• Task to complete: Begin at the line below that has "Coupure ENEDIS 27" and stop after the line that has "V896 ヴィンテージ STERLING刻印". Please restate only those lines, word for word.

Top of Extracted information

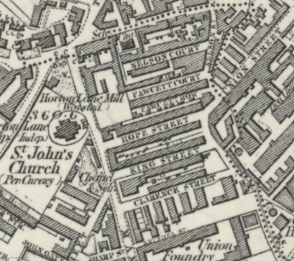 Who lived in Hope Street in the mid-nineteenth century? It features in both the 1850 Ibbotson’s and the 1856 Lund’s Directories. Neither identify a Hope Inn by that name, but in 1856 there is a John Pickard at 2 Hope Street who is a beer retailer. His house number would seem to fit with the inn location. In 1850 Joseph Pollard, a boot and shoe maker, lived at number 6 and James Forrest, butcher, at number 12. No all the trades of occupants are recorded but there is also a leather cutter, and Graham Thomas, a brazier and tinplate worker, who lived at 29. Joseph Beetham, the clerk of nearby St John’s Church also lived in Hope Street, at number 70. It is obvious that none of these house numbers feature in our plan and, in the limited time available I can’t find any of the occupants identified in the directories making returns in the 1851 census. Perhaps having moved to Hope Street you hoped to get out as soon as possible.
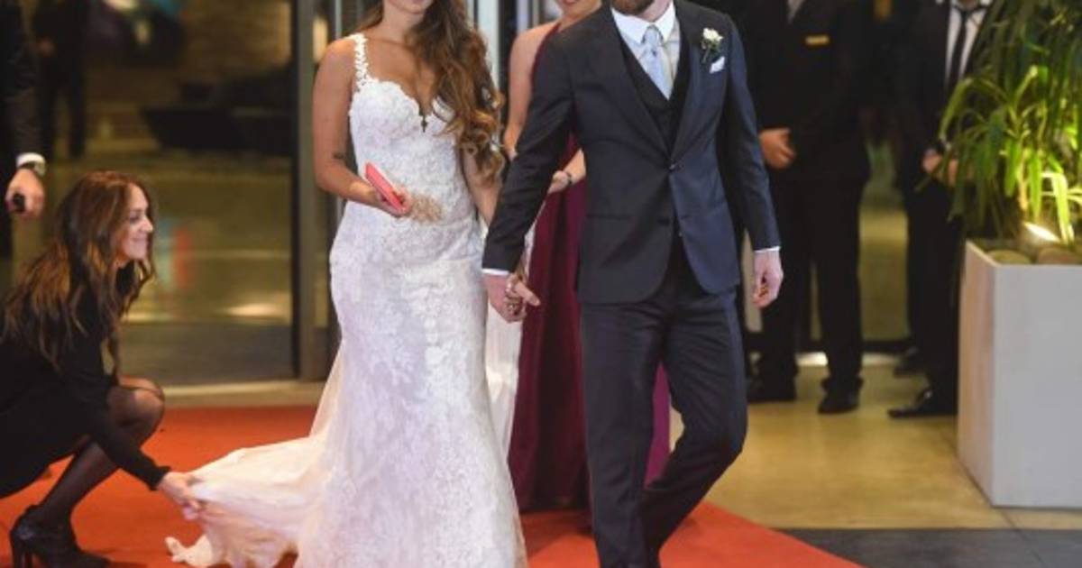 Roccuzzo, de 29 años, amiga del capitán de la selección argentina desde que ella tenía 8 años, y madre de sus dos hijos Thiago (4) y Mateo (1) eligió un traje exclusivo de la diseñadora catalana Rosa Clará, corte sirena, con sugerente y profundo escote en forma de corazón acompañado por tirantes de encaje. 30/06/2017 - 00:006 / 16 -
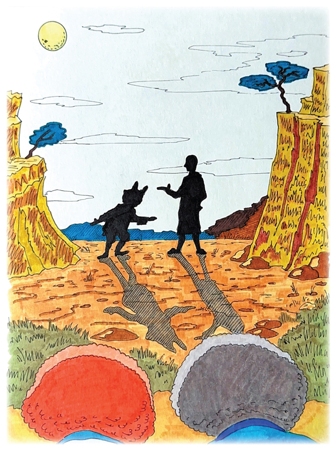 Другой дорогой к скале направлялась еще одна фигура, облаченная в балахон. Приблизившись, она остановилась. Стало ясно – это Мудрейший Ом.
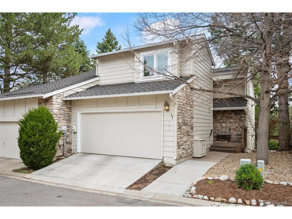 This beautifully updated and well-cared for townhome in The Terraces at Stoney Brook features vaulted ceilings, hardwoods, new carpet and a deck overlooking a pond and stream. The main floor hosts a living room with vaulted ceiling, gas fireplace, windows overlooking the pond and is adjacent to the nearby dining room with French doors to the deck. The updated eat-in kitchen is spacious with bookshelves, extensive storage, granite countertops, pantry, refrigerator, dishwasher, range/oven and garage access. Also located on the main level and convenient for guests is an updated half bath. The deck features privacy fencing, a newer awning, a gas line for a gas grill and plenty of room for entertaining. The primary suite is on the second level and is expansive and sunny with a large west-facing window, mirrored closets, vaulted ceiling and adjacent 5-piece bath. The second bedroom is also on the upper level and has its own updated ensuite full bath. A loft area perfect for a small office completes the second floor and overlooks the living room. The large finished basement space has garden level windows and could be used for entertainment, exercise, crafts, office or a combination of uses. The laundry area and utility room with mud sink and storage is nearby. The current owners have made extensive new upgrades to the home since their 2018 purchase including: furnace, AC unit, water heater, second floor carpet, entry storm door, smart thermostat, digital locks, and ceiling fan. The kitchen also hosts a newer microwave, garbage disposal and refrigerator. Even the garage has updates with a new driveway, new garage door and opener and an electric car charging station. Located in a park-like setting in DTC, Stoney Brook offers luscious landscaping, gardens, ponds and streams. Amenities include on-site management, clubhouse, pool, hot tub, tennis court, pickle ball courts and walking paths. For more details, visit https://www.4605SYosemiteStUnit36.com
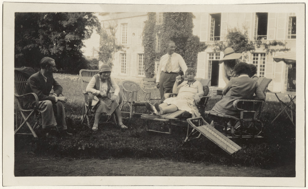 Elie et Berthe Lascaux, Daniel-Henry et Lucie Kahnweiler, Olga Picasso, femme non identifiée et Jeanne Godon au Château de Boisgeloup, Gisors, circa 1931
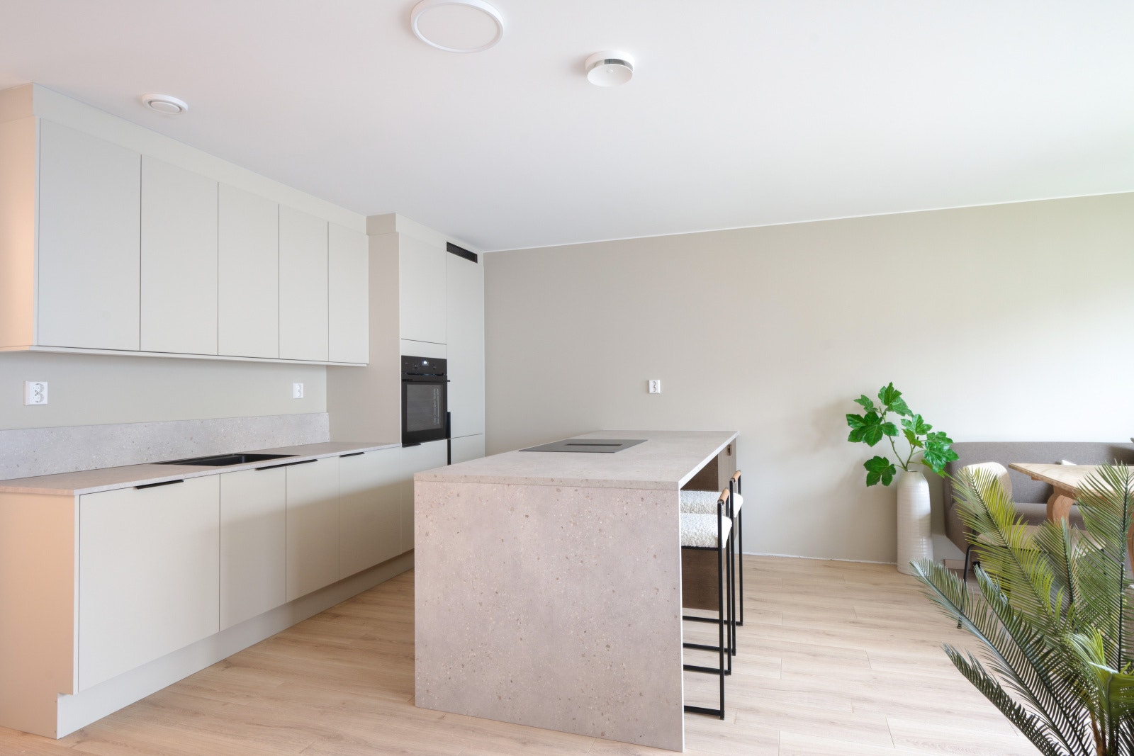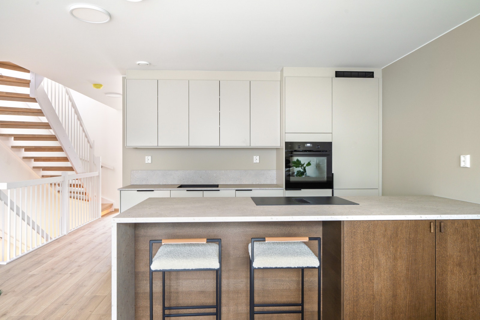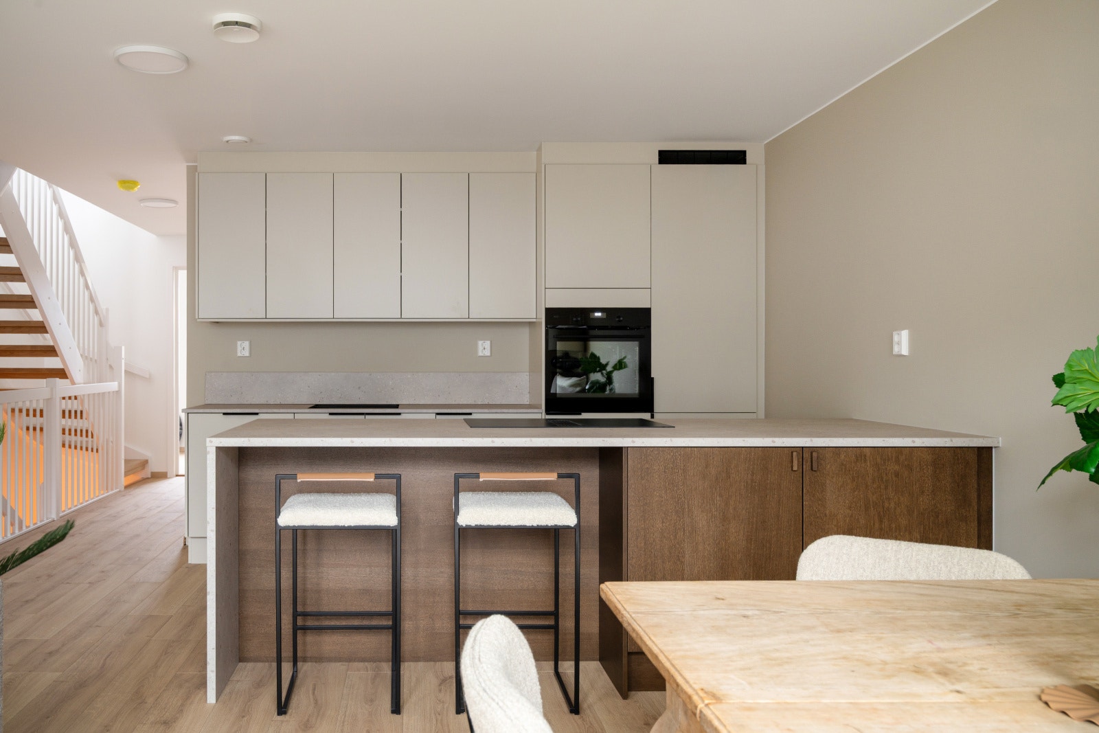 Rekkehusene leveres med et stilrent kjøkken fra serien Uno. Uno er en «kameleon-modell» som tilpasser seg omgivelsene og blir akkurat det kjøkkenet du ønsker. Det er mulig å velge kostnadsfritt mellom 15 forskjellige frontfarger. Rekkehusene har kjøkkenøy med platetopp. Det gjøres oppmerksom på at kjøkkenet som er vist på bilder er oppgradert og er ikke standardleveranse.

Bottom of Extracted information
Top of Extracted information

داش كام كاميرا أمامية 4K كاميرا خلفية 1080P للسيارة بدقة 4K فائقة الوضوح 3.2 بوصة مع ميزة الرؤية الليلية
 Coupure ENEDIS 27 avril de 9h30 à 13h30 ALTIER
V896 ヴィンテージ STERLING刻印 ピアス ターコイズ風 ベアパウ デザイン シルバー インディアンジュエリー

Bottom of Extracted information

• Response to this exercise:
 Coupure ENEDIS 27 avril de 9h30 à 13h30 ALTIER
V896 ヴィンテージ STERLING刻印 ピアス ターコイズ風 ベアパウ デザイン シルバー インディアンジュエリー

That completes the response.